Figure 4: Early evolution of handshapes used to sign ‘g’ (see our previous post: Character cliques and networks – mapping haplotypes of manual alphabets).

Guido later joined our team, providing the expertise to analyze the data with network methods that do not assume tree-like evolution a priori. We therefore thought that we had done a rather good job when our pilot study on the evolution of sign language manual alphabets, titled Evolutionary Dynamics in the Dispersal of Sign Languages, finally appeared last month (Power et al. 2020). We identified six basic lineages from which the manual alphabets of the 40 contemporary sign languages developed. The term "lineage" was deliberately chosen in this context, since it was unclear whether the evolution of the manual alphabets should be seen as representative of the evolution of the sign languages as a whole. We also avoided the term "family", because we were wary of making potentially unwarranted assumptions about sign language evolution based on theories in historical linguistics.

Figure 5: The all-inclusive Neighbor-net (taken from Power et al. 2020).

While the study was positively received by the popular media, and even made it onto the title page of the Süddeutsche Zeitung (one of the largest daily newspapers in Germany), there were also misrepresentations of our results in some media channels. The Daily Mail (in the UK), in particular, invented the claim that all human sign languages have evolved from five European lineages. Of course, our study never said this, nor could it have, since only European sign languages were included in our sample. (We included three manual alphabets representing Arabic-based scripts from Afghan, Jordanian, and Pakistan Sign Languages, where there was some indication that these may have been informed by European sources.)

Study of phylogenetics

While we share our colleagues’ distaste for the Daily Mail’s likely purposeful misrepresentation (in the end, unfortunately, it may have achieved its purpose as click bait), some colleagues went a bit further. One critique that came up in reaction to the Daily Mail piece was that our title opens the door to misinterpretation, because we had only investigated manual alphabets and, hence, cannot say anything about the "evolutionary dynamics of sign languages".

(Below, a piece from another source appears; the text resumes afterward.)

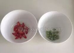 7.腌制好后放蒸锅大火蒸八分钟,关火后焖四分钟,小米椒斜切,豌豆煮熟备用

While the title does not mention manual alphabets, it should be clear that any study on evolution is based on a certain amount of reduction. Where and how this reduction takes place is usually explained in the studies. Many debates in historical linguistics of spoken languages have centered around the question of what data are representative enough to study what scholars perceive as the "overall evolution" of languages; and scholars are far from having reached a communis opinio in this regard. At this point, we simply cannot answer the question of whether manual alphabets provide clues about sign language evolution that contrast with the languages’ "general" evolution, as expressed, for example, in selecting and comparing 100 or 200 words of basic vocabulary. We suspect that this may, indeed, be the case for some sign languages, but we simply lack the comparative data to make any claims in this respect.

Figure 6: Evolution doesn’t mean every feature has to follow the same path: a synopsis of molecular phylogenies inferred for oaks, Quercus, and their relatives, Fagaceae (upcoming post on Res.I.P.) While nuclear differentiation matches phenotypic evolution and the fossil record (likely monophyla in bold font), the evolution of the plastome is partly decoupled (gray shaded: paraphyletic clades). Likewise, we can expect that different parts of languages, such as manual alphabets vs. core “lingome” of sign languages, may indicate different relationships.

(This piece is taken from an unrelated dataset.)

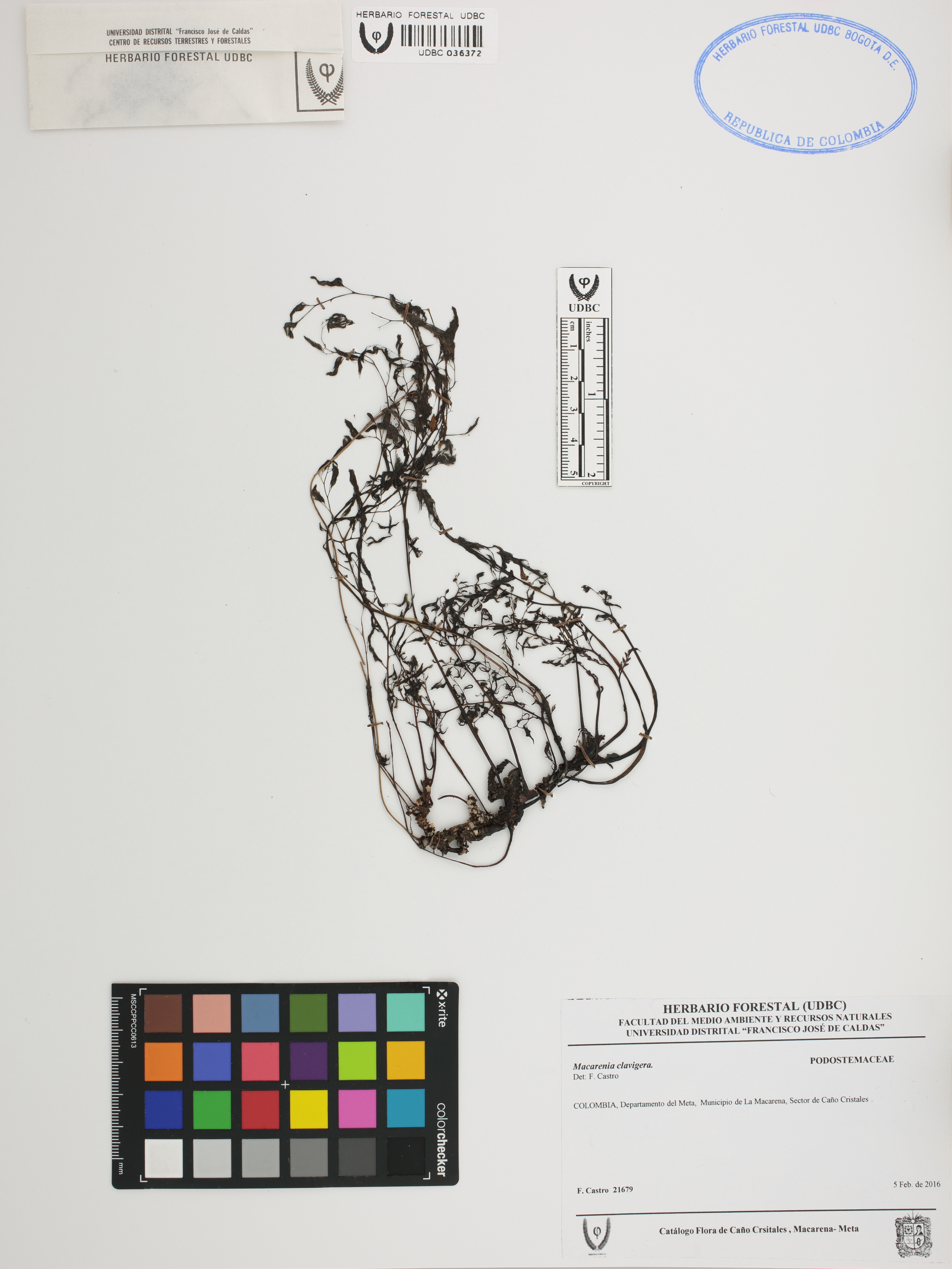 Fotografía del ejemplar Castro, F. 21679, determinado como Macarenia clavigera

The philosophical question, however, goes much deeper, to the "nature" of language: What constitutes a language? What do all languages have in common? How do languages change? What are the best ways to study how languages evolve?

One approach to answering these questions is to compare collectible features of languages ("traits" in biology)­, and to study how they evolve. As the field develops, we may find that the evolution of a manual alphabet does not completely coincide with the evolution of the lexicon or grammar of a sign language. But would it follow from such a result that we have learned nothing about the evolution of sign languages?

There is a helpful analogy in biology: we know that different parts of the genetic code can follow different evolutionary trajectories; we also know that phenotype-based phylogenetic trees sometimes conflict with those based on genotypes. But this understanding does not stop biologists from putting forward evolutionary hypotheses for extinct organisms, where only one set of data is available (phenotypes; Tree of Life). Furthermore, such conflicting results may lead to a more comprehensive understanding of how a species has evolved.

Figure 7: A likely case of convergence: the sign for “г” in Russian and Greek Sign Language, visually depicting the letter (see our previous post Untangling vertical and horizontal processes in the evolution of handshapes). Complementing studies of signed concepts may reveal less obvious cases of convergence (or borrowing).


Because we felt the need to further clarify the intentions of our study, and to answer some of the criticism raised about the study on Twitter, we decided to prepare a short series of blog posts devoted to the general question of "How should one study language evolution" (or more generally: "How should one study evolution?"). We hope to take some of the heat out of the discussion that evolved on Twitter, by inviting those who raised critiques about our study to answer our posts in the form of comments here, or in their own blog posts.

The current blog post can thus be understood as an opening for more thoughts and, hopefully, more fruitful discussions around the question of how language evolution should be studied.

In that context, feel free to post any questions and critiques you may have about our study below, and we will aim to pick those up in future posts.

References

Damián E. Blasi and Wichmann, Søren and Hammarström, Harald and Stadler, Peter and Christiansen, Morten H. (2016) Sound–meaning association biases evidenced across thousands of languages. Proceedings of the National Academy of Science of the United States of America 113.39: 10818-10823.

Dagan, Tal and Martin, William (2006) The tree of one percent. Genome Biology 7.118: 1-7.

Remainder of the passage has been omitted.